Indeed, as the first examples demonstrate, some of the initial meanings of the sources to which they refer are at the same time strengthened and undermined—as with all translations or covers, the distance between the source and the adaptation is always negotiable. Speaking about the creative and unrestricted negotiation with the original in translation, Walter Benjamin writes in his essay “The Task of the Translator” (1996, 261): “A translation touches the original lightly and only at the infinitely small point of the sense, thereupon pursuing its own course according to the laws of fidelity in the freedom of linguistic flux”. This is also what George Plasketes suggests (2005, 150) when he describes the musical cover.

The process of covering a song is essentially an adaptation, in which much of the value lies in the artists’ interpretation. (…) Measuring the interpreter’s skill, in part, lies in how well the artist uncovers and conveys the spirit of the original, enhances the nuances of its melody, rhythm, phrasing, or structure, maybe adding a new arrangement, sense of occasion or thread of irony.

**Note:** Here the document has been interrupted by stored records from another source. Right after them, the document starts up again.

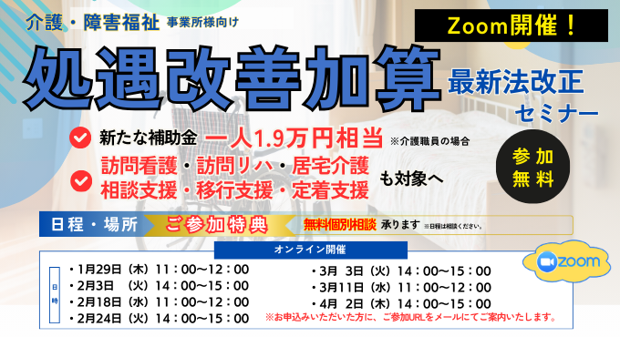 【Zoom開催】処遇改善加算最新法改正セミナー「介護分野の職員の賃上げ・職場環境改善支援事業」について解説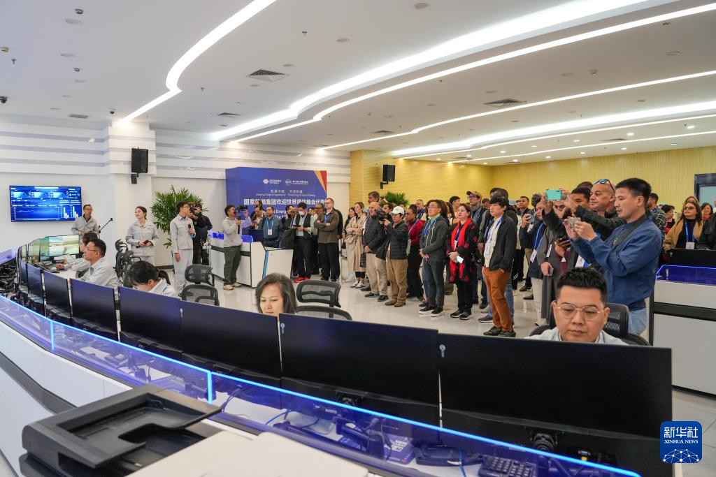 10月13日,嘉宾在国家能源集团新疆能源集控中心参观。新华社记者 陈晔华 摄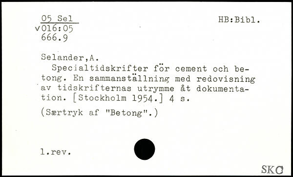 Specialtidskrifter för cement och betong. En sammanstallning med redovisning av tidskrifternas utrymme åt dokumentation.
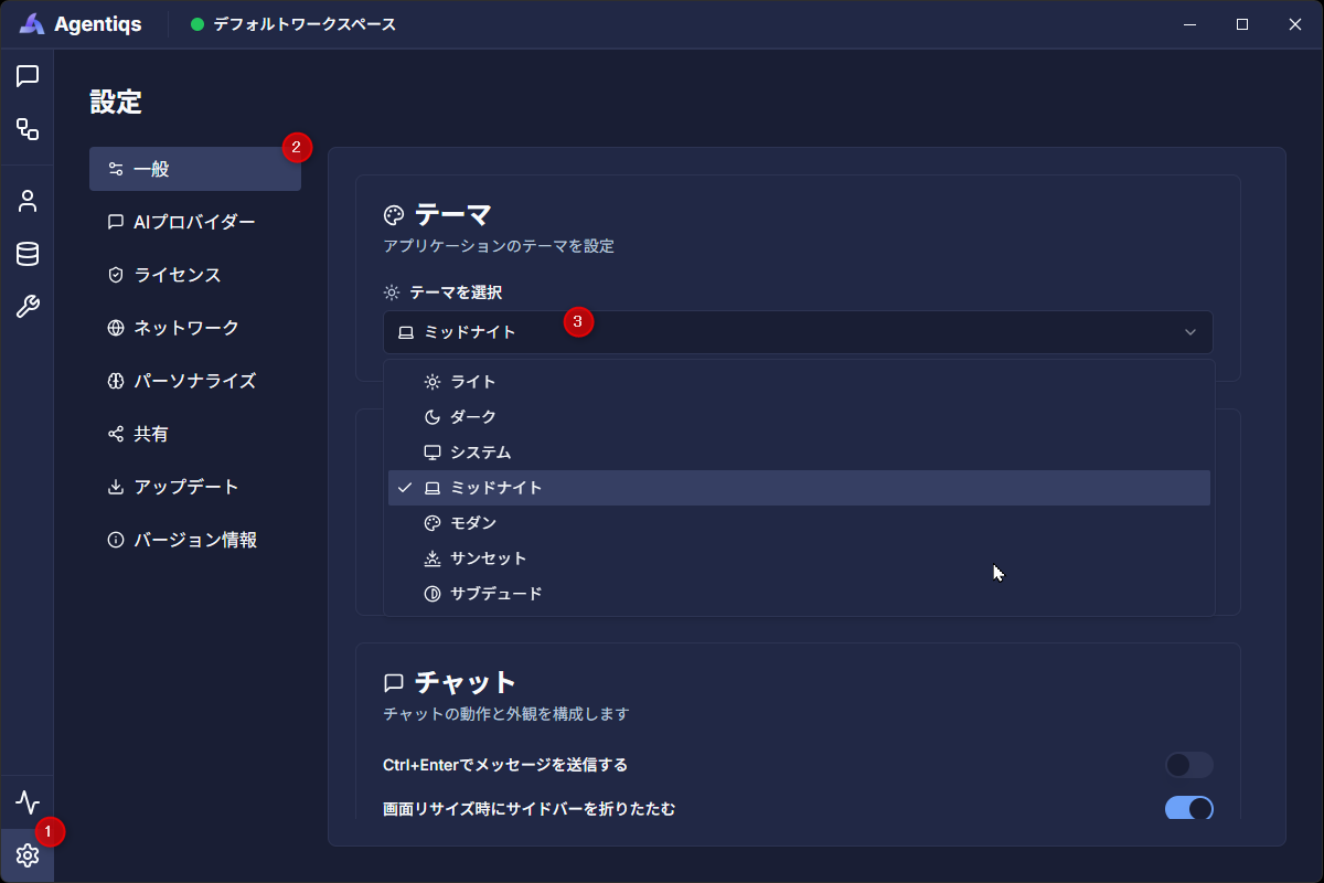 このページでは、Agentiqs の表示テーマ(配色)を変更する手順を説明します。

So, to cover or translate an original is not to remain in a fixed framework of tedious faithfulness, but to speculate and paraphrase, to interpret the work with an equal sense of fidelity and freedom. See Stonefridge: while it preserves some of the formal appearance (the internal space, the general shape) of the original monument, it now turns, tongue-in-cheekly, the stones into fridges and the name into a nickname. Also, if the installation conserves a certain devotional sense, like its sober sculptural predecessor, this time the consecration is directed not to some unknown god, but to the more mundane idea of “consumerism & the hubris of man”. See Hollywood: the word, the slogan, the image is there, exactly like the original, yet something is missing—the arrogance, the context: the Californian “Hollywood” is now subverted by its Italian jovial “double”. See School No. 6: the space, the objects and their arrangements indeed look like those of a genuine Soviet school; the work is precisely that type of environment, but its meaning is sarcastically interpreted, or rather inverted to suggest both nostalgia and a sense of exorcism.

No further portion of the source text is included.